Data section:
>>

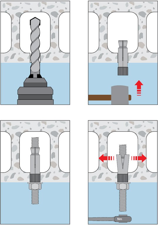 • dotahováním šroubu se expanzní část roztáhne v dutině
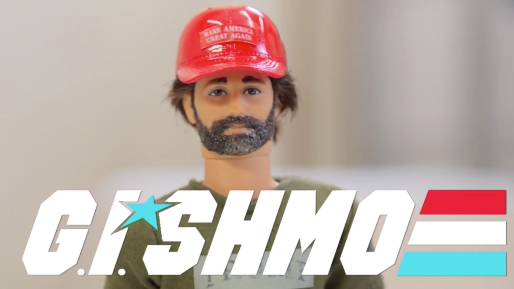 The toy ― called “G.I. Shmo” ― comes with a “spray-on beard, a pile of daddy’s money and a helicopter to shoot elephants from,” joked the host of “Jimmy Kimmel Live!”
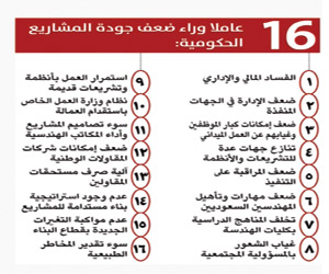 أوصت ورشة عمل حكومية بضرورة مراجعة كافة الأنظمة والإجراءات الحكومية وخاصة نظام المنافسات العامة، متسقة مع ما خلص إليه تقرير نشرته "الوطن"، في الـ30 من نوفمبر الماضي، ورصدت خلاله 16 عاملاً وراء ضعف المشروعات الحكومية.
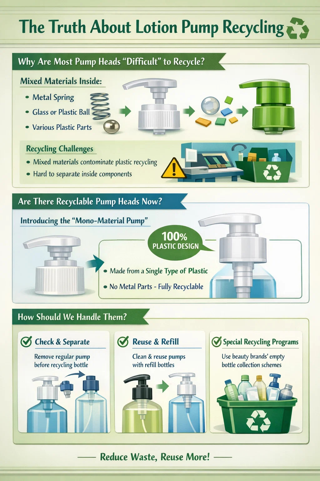 در حالی که بیشتر بطری های پلاستیکی که ما روزانه استفاده می کنیم قابل بازیافت هستند، وضعیت سر پمپ پیچیده تر است.
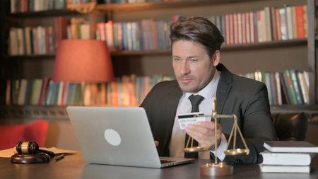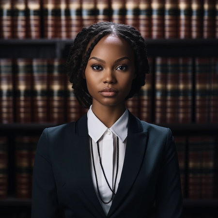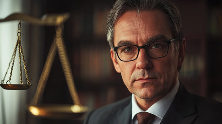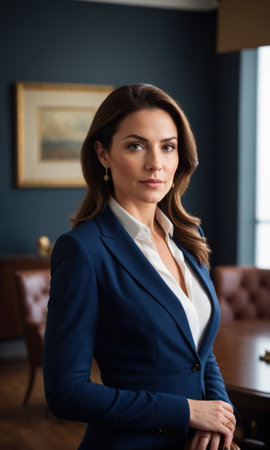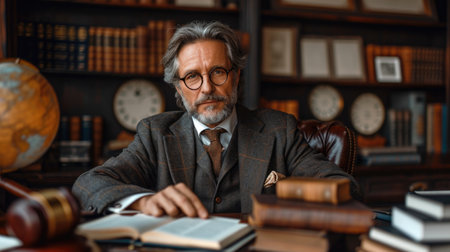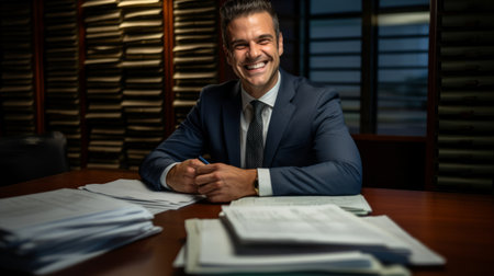 Accomplished lawyer in a grand legal office, symbolizing professional and legal success.
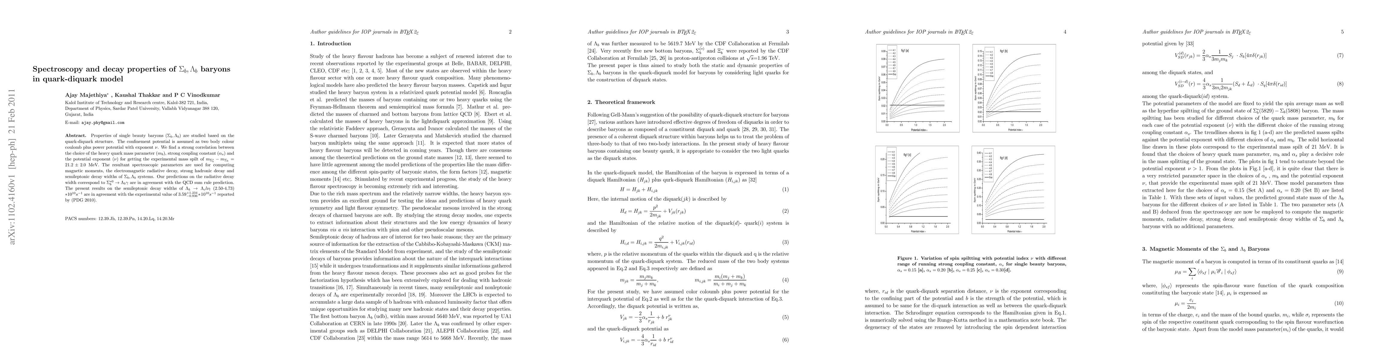 The paper presents a detailed analysis of $\Sigma_{b}, \Lambda_{b}$ baryon properties using a quark-diquark model, providing predictions for various decay widths that align with existing QCD sum rule predictions.
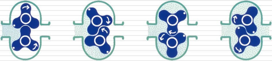 該產品采用兩個同步運轉的轉子,轉子由箱體內一對同步齒輪進行傳動,轉子在主,副軸的帶動下進行同步反方向旋轉使泵的內腔發生變化、從而構成了較高的真空度和排放壓力,更適合衛生級和帶有腐蝕性高粘度介質的輸送。
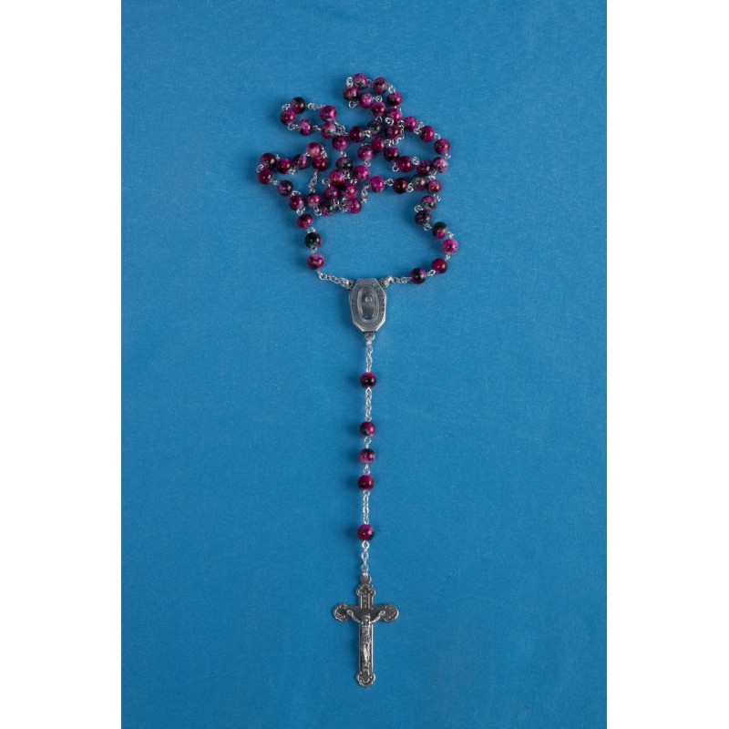 Chapelet avec grains 8 mm en pierre de couleur rose avec la goutte d' eau de Lourdes. Longueur 55 cm ; Autres couleurs disponibles : bleu, vert.
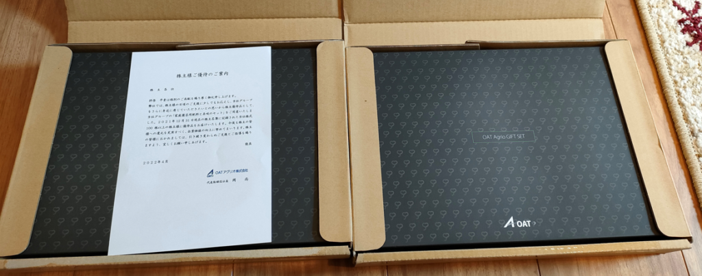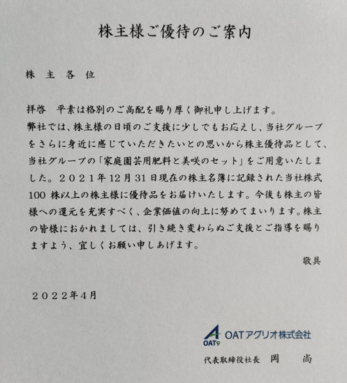 2022年5月某日、『OATアグリオ(証券コード:4079)』 から株主優待が届きました。

<<

Problem to solve:
Keep the pictures out and transcribe the listing exactly.

Task result:
 • dotahováním šroubu se expanzní část roztáhne v dutině
 The toy ― called “G.I. Shmo” ― comes with a “spray-on beard, a pile of daddy’s money and a helicopter to shoot elephants from,” joked the host of “Jimmy Kimmel Live!”
 أوصت ورشة عمل حكومية بضرورة مراجعة كافة الأنظمة والإجراءات الحكومية وخاصة نظام المنافسات العامة، متسقة مع ما خلص إليه تقرير نشرته "الوطن"، في الـ30 من نوفمبر الماضي، ورصدت خلاله 16 عاملاً وراء ضعف المشروعات الحكومية.
 در حالی که بیشتر بطری های پلاستیکی که ما روزانه استفاده می کنیم قابل بازیافت هستند، وضعیت سر پمپ پیچیده تر است.
 Accomplished lawyer in a grand legal office, symbolizing professional and legal success.
 The paper presents a detailed analysis of $\Sigma_{b}, \Lambda_{b}$ baryon properties using a quark-diquark model, providing predictions for various decay widths that align with existing QCD sum rule predictions.
 該產品采用兩個同步運轉的轉子,轉子由箱體內一對同步齒輪進行傳動,轉子在主,副軸的帶動下進行同步反方向旋轉使泵的內腔發生變化、從而構成了較高的真空度和排放壓力,更適合衛生級和帶有腐蝕性高粘度介質的輸送。
 Chapelet avec grains 8 mm en pierre de couleur rose avec la goutte d' eau de Lourdes. Longueur 55 cm ; Autres couleurs disponibles : bleu, vert.
 2022年5月某日、『OATアグリオ(証券コード:4079)』 から株主優待が届きました。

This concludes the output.